*WHAT YOU HAVE TO DO*: Your answer should hold only the lines from the start of the data below through the line with "- Professional red", copied exactly, with pictures left out.

Items from a dataset:

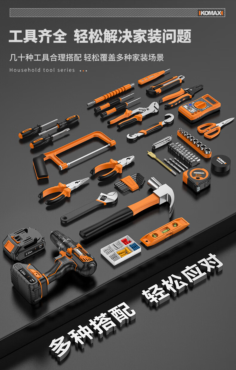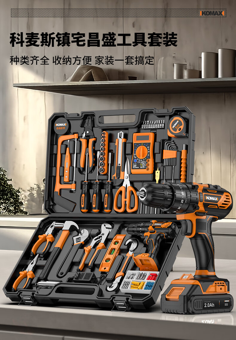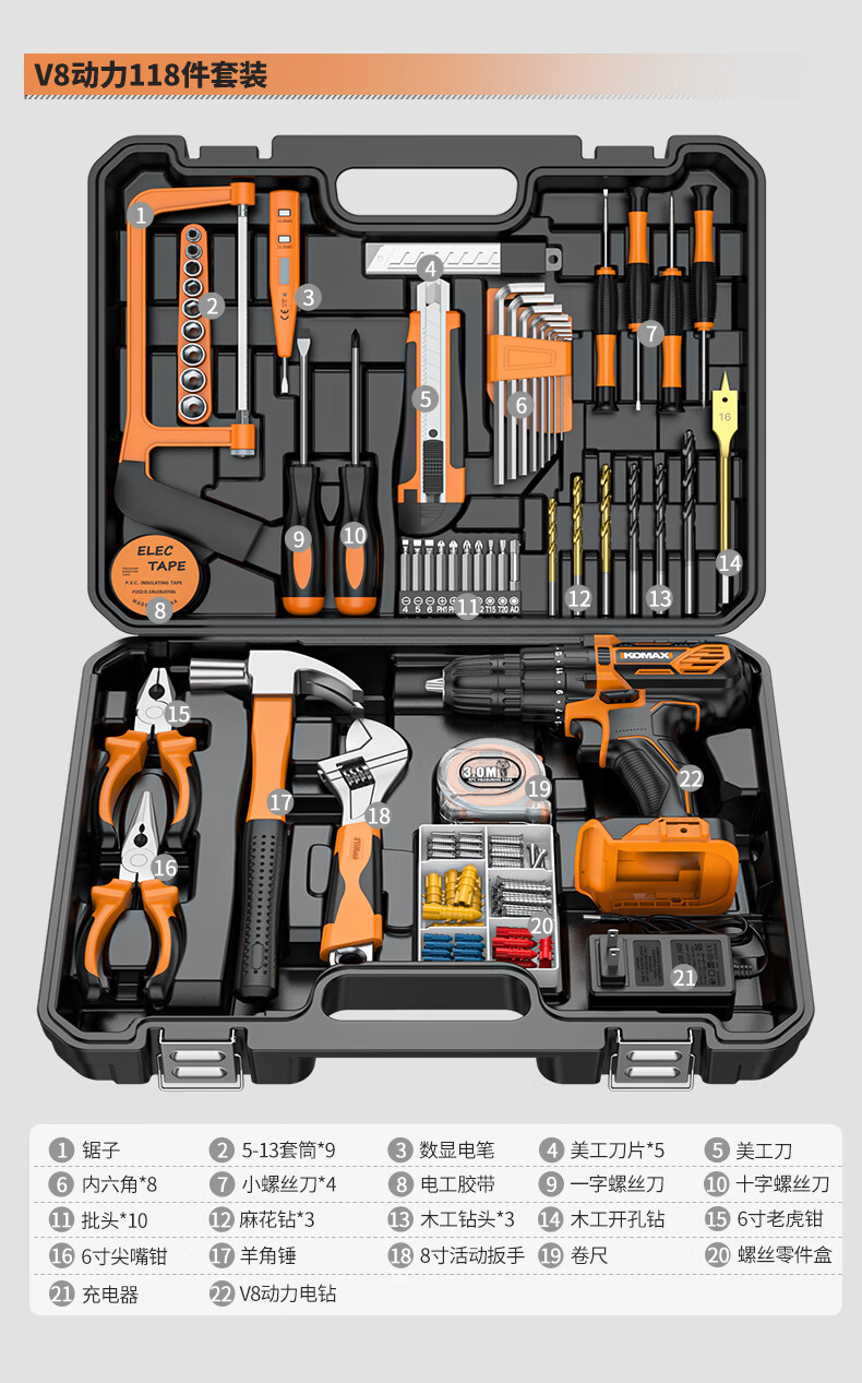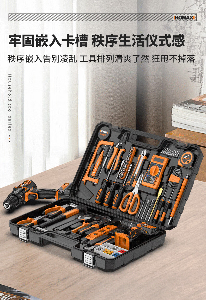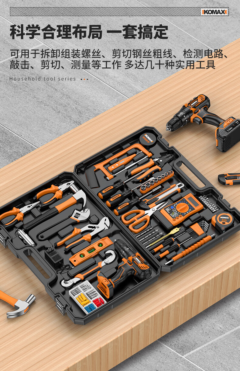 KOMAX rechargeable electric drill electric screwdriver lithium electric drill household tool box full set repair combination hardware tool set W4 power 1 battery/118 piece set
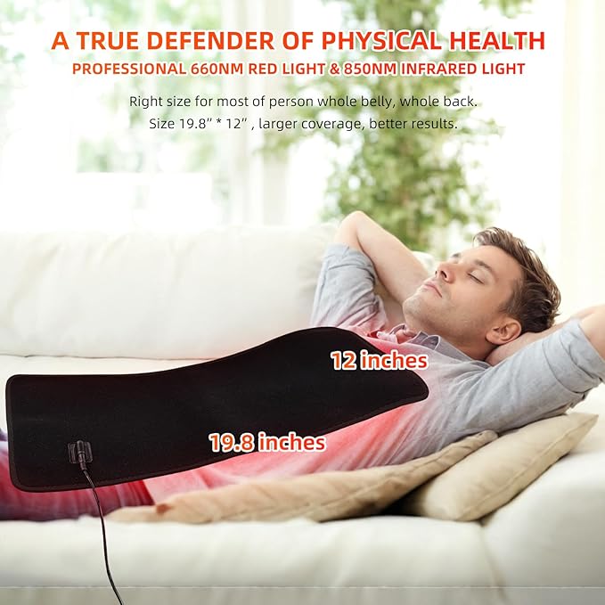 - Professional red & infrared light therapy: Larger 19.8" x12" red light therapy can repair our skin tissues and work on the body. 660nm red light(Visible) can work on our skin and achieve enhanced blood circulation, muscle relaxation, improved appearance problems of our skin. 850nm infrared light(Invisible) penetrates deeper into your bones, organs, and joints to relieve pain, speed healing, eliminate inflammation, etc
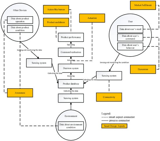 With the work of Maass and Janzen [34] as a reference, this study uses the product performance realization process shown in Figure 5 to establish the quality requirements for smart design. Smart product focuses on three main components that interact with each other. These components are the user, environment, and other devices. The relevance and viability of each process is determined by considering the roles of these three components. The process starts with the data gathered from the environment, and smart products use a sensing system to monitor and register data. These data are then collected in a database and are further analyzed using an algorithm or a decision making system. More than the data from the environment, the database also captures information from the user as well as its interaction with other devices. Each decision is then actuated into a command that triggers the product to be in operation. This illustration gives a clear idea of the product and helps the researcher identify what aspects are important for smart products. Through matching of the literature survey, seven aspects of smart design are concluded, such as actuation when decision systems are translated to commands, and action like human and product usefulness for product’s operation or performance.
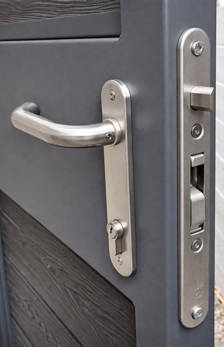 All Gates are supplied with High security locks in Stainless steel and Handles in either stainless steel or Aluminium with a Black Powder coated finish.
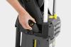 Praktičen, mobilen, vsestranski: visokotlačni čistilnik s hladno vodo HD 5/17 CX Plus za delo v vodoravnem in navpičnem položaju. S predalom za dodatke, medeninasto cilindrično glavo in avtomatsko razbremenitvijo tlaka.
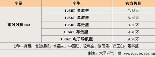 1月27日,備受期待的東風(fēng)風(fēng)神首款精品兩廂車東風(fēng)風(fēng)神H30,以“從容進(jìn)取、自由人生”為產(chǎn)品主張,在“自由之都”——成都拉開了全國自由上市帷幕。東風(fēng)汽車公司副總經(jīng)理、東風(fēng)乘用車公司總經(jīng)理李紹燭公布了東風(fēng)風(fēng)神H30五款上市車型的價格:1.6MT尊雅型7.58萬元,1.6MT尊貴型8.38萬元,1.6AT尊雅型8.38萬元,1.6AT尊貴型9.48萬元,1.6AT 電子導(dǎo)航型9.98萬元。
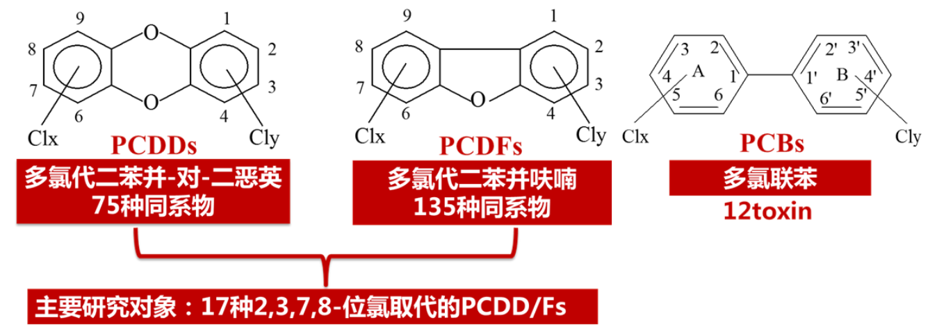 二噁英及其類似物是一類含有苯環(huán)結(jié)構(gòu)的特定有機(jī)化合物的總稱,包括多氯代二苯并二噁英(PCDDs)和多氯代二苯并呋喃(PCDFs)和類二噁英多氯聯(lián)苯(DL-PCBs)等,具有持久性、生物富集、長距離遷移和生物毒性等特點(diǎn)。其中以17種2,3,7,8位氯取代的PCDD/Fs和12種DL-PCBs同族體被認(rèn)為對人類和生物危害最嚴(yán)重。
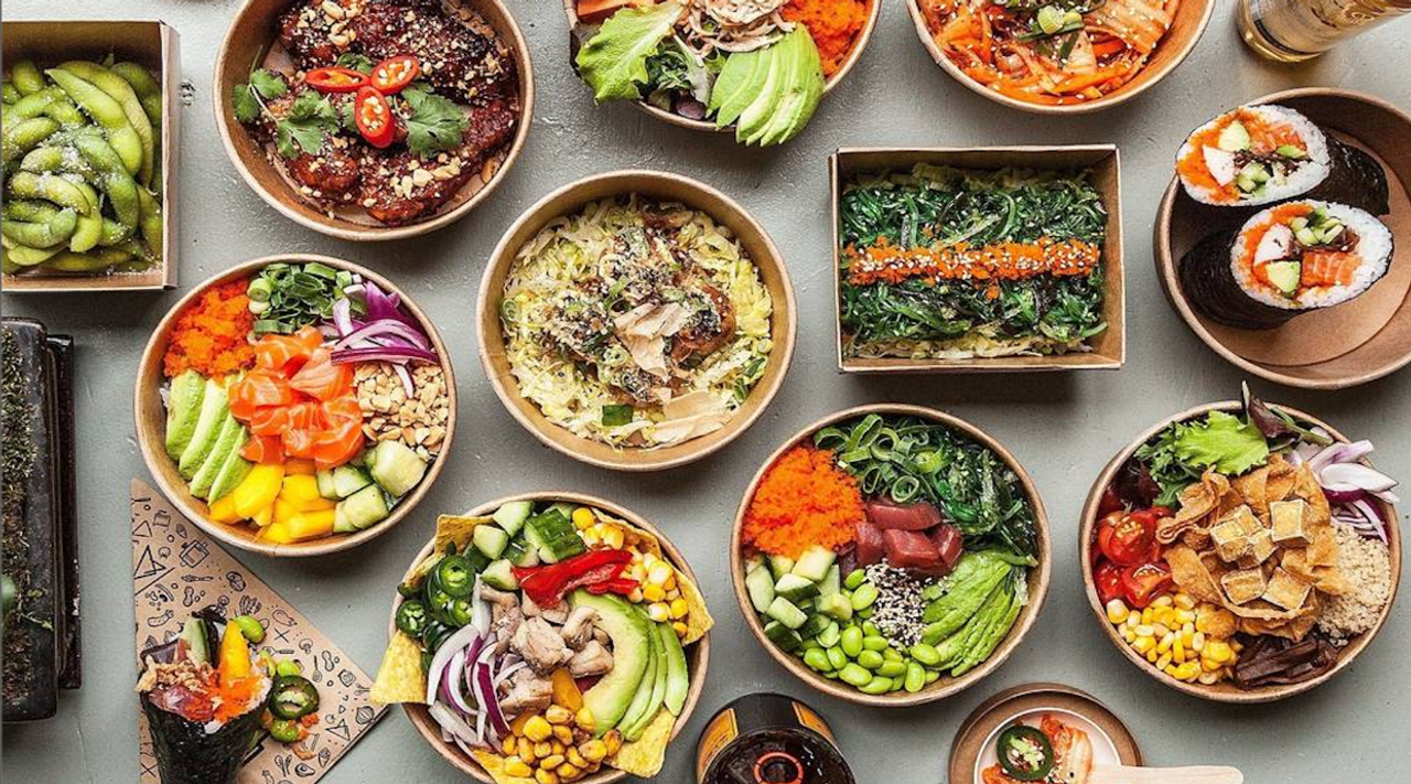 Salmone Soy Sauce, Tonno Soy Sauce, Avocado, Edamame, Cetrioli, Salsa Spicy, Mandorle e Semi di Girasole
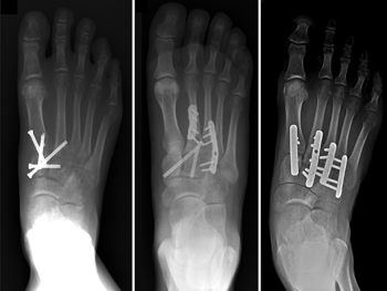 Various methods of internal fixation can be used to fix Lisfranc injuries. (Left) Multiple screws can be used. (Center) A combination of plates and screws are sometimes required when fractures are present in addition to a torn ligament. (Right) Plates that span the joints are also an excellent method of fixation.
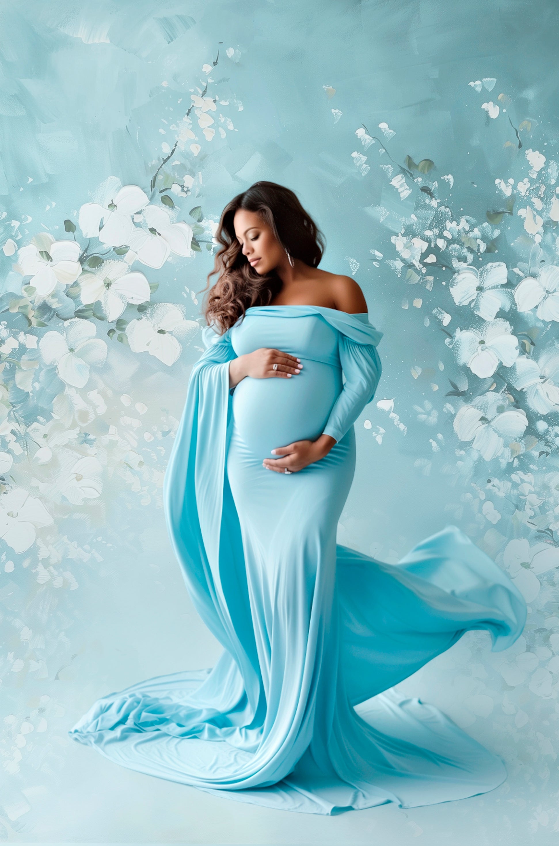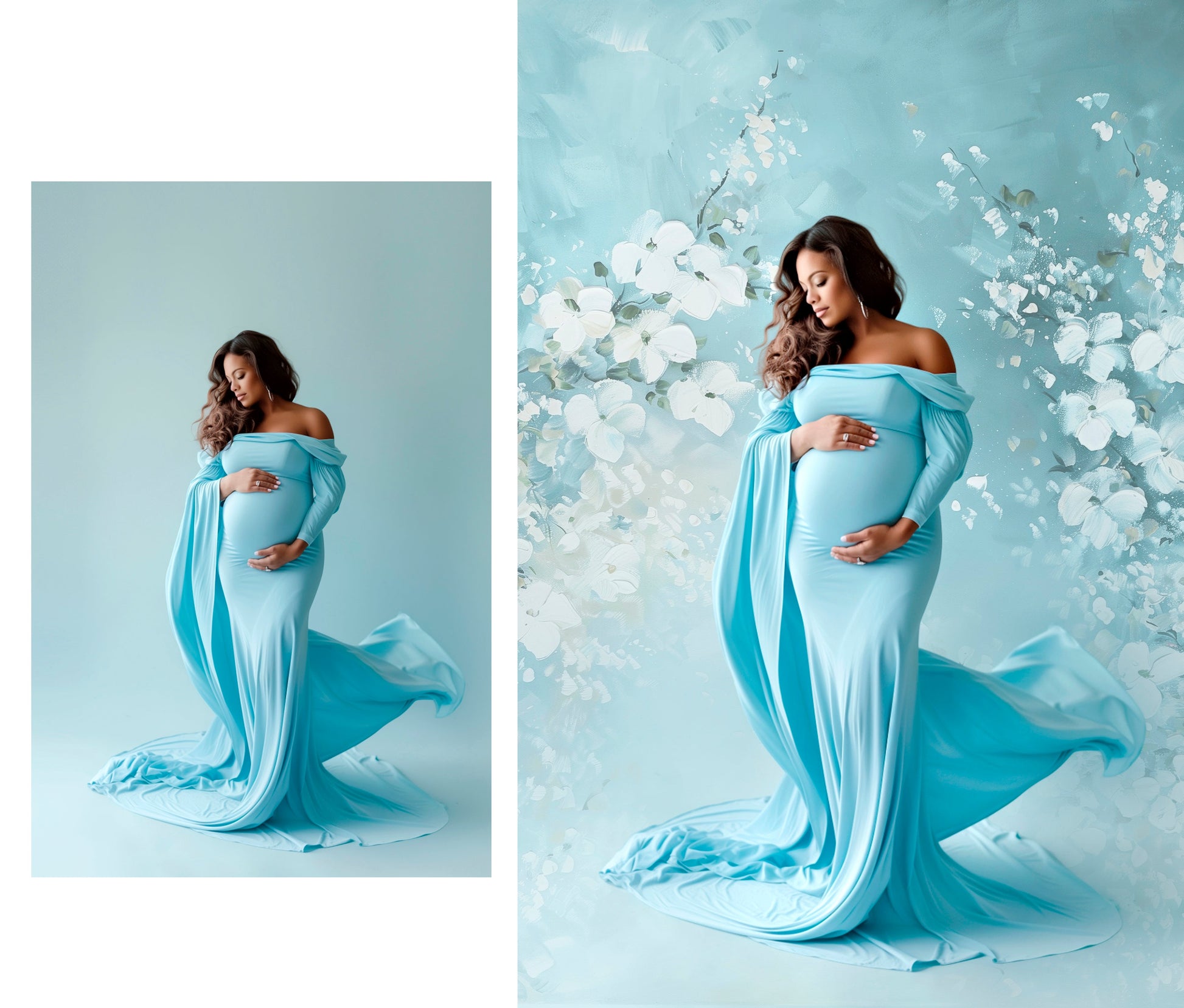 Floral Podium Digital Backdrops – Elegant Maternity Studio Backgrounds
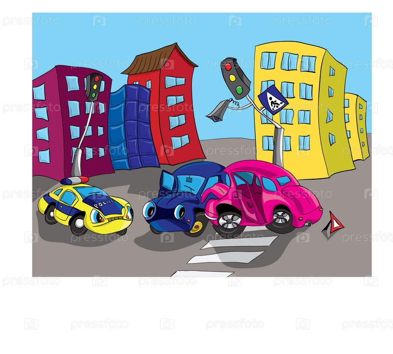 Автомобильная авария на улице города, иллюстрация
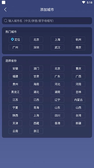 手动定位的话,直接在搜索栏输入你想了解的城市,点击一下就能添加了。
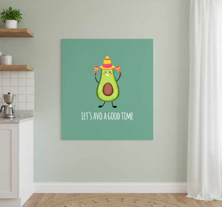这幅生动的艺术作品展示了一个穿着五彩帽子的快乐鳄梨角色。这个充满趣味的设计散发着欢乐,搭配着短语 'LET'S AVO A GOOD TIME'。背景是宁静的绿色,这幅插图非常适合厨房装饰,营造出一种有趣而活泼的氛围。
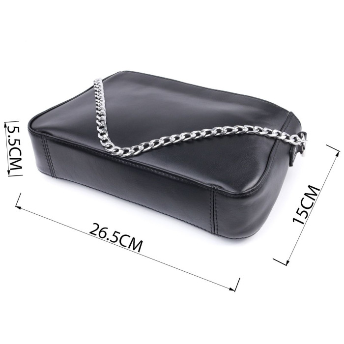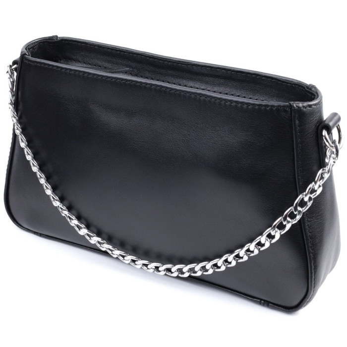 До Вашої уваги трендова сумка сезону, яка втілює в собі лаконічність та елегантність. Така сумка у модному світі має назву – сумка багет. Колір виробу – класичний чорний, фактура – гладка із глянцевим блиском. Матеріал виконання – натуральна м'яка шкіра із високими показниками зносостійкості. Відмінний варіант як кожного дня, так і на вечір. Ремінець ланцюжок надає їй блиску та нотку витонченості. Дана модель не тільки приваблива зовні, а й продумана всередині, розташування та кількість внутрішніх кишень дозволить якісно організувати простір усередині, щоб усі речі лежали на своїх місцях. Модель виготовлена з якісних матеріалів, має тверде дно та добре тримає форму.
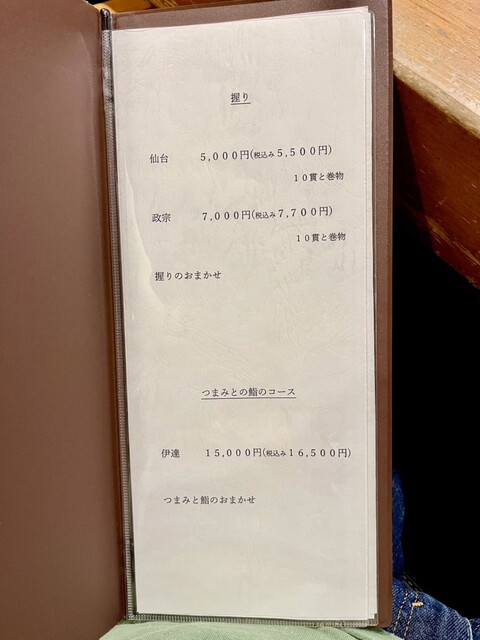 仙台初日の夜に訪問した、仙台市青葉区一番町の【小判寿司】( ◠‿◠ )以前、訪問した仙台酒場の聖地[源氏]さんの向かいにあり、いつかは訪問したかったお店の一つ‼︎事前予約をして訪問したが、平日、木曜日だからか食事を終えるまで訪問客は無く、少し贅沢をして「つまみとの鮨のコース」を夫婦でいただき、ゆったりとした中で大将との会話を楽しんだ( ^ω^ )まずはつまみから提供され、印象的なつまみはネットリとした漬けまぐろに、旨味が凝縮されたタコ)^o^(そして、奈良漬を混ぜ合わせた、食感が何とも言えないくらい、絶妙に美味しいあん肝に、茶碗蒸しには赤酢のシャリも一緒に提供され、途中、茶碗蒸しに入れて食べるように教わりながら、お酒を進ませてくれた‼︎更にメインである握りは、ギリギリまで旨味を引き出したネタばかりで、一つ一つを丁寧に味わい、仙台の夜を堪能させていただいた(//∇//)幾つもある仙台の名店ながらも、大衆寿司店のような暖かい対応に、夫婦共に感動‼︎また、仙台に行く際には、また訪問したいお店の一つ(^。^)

*RESULT*:
 KOMAX rechargeable electric drill electric screwdriver lithium electric drill household tool box full set repair combination hardware tool set W4 power 1 battery/118 piece set
 - Professional red & infrared light therapy: Larger 19.8" x12" red light therapy can repair our skin tissues and work on the body. 660nm red light(Visible) can work on our skin and achieve enhanced blood circulation, muscle relaxation, improved appearance problems of our skin. 850nm infrared light(Invisible) penetrates deeper into your bones, organs, and joints to relieve pain, speed healing, eliminate inflammation, etc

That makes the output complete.